Open In Standalone Tab

It didn’t make all the choices I would have, but it worked in one shot, the first time I tried it. All the way from uploading an image and transforming that to a puzzle, to a whole UI that lets you solve it. I purposely left this here after its one-shot result just to demonstrate the progress. You could take this idea much further.

Exhibit C: The Baby Mesmerizer

Now for the coolest thing I’ve made with GPT-5 so far. I call this one the baby mesmerizer because baby Alice is absolutely stunned every time she sees it. I got this idea from another entertaining little physics simulation I saw somewhere.

I had GPT-5 make this one, then I tested it using the built-in runner in ChatGPT, changed it, and iterated on it 16 times. But I didn’t write any of it myself - nor did I even open the code other than to tweak some variables to make it “feel right” here and there.

Open In Standalone Tab

How cool is that?

After you’re done messing around with this, take a detailed look at what has been built here. It is a tech demo, yes, but it has:

A nice-looking UI and color scheme
A side menu that dynamically operates as a fly-out menu based on screen size
A bunch of tunable variables, including niceties like minimums and maximums affecting each other
Dynamic generated sound effects

I also thought it was interesting that GPT-5, when I said that it needed to run as a single HTML file with no external dependencies, chose to write its own physics for this. There is no prebuilt physics engine at all here.

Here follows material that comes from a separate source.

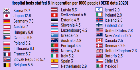 NOTE: A “hospital bed” means a bed that is funded with nurses, doctors & other staff providing care. When they close down “beds” it means they cut staff & the care they provide. Patients are backlogged in emergency departments because they are waiting for a funded bed to open up for them inside the hospital, while thousands of beds have been closed down & could be reopened.

This result is about 1400 lines of code. This isn’t a huge project, but it is far more than we could get a GPT to reliably produce just a year ago. The typical loop before was that you’d get past 200 lines of code or so, and then every new feature or bugfix requested would break two other things around the codebase, effectively enforcing a tiny complexity cap.

Let’s be real: It’s absolutely amazing that I could make something as complicated as this, exactly how I imagined it, just by describing it in English and a collective hour or two of testing. And though I like to code and have been bummed for a while that most straightforward coding like this is going the way of the dodo, this experience of not coding and instead just setting requirements and playing with the result was also a lot of fun. More fun than tearing through codespam in a tool like Cursor. And frankly, I would never spend time making something like this if I had to code it all from scratch.

A Plateau?

I’ve already read more than enough takes that GPT-5 signals the end of the current wave of AI, as a sort of intelligence plateau somewhere just below humans.

We should observe that we did not foresee the advancements that would get us from GPT-4 to GPT-5. Yet here we are: GPT-4 was barely able to write 200 lines of buggy solar system code, and GPT-5 one-shots it. The core model under the hood is likely a bit better, but it was proper tooling and reinforcement training on that tooling that really made the difference. And from what I hear, there are many other avenues of work that researchers say are still in early stages, such as reinforcement training on long-running agentic tasks and building the synthetic datasets that will allow for that.

So, even though GPT-5 doesn’t seem like a huge advancement from models like o3 and Sonnet 4, hindsight makes the upward trajectory clear.

No matter how fast we see progress, there is clearly a ton of fun to have along the way!